[Sigia-l] Eliminating categories in favour of tagging
Alexander Johannesen
alexander.johannesen at gmail.com
Sun Mar 12 17:17:59 EST 2006
On 3/11/06, dbedford at worldbank.org <dbedford at worldbank.org> wrote:
> Just a clarification - I think this will help you to better understand the
> underlying 'architectures' which is what is supposed to be the focus of this
> list.
"You" the members of this list, or "you" Alex and Andrew?
> When you frame the argument in terms of free form or controlled form, then I
> think the issues become clearer.

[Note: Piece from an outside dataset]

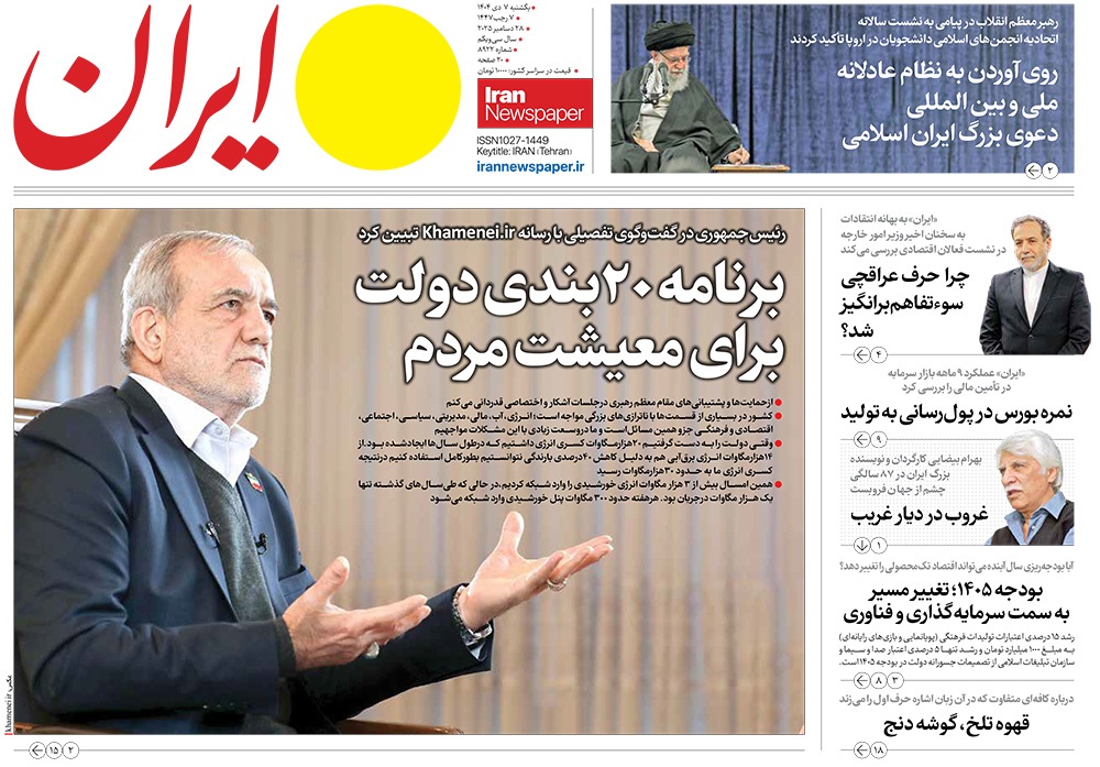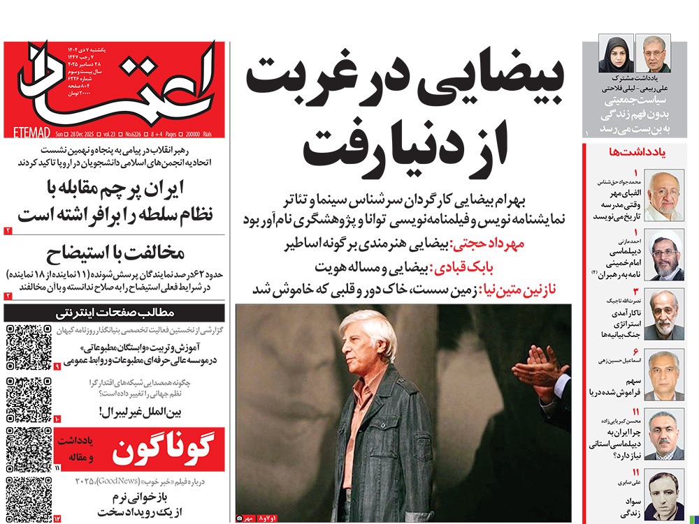 صفحه نخست روزنامه‌های کشور - یکشنبه ۷ دی ۱۴۰۴

In a nutshell, the issue with 'entirely free
> form' terms is that you create a mess that has to be cleaned up later by
> somebody -- and rarely is ever cleaned up.
What I argued for was a 40% controlled and 60% uncontrolled top-down
structure rolled into one. I've used, implemented and played with many
variations on this, but usually the 40/60 rule seems to be king.
> There is a happy medium between
> free form and controlled -- which pertains to semantic analysis.
Depending on who you imply does the analysis, I'd agree if you're
talking about the human factor at the run-time level. If you mean
semantic inference (pre-processed or real-time), I'm a little more
sceptic; not because it can't be done, but because it is expensive and
quite often not worth it. (There's a reason social engineering is so
popular; dump all the hard [as in difficult] work on your unsuspecting
userbase)
> I think it would be great if this list could begin a discussion of these issues
> - the free form or controlled discussion is a few decades old. We have moved
> beyond it.
I think that statement is a bit broad and sweeping; even if something
is old doesn't make it unrelevant or solved. As far as I know,
politics were still explored thousands of years ago, and we still
haven't solved that one. :) (Same goes for list behaviour and ethics,
but I digress ...)
> Are you all aware of the Semantic Technologies conference in
> progress this week in San Jose? You might want to follow what is happening in
> that community.
That community. Heh. Some of us have been part of "that" for years, me
since 1989. The thing is, and it has been the thing since AI started
in the 60's, it still can't outperform a person with some papers, a
cup of coffee, and the thought "hmm what's going on here?" Which, in
essense, is what IA and the focus of this list is to me. Semweb stuff
is a cute tool, though.
Alex
--
"Ultimately, all things are known because you want to believe you know."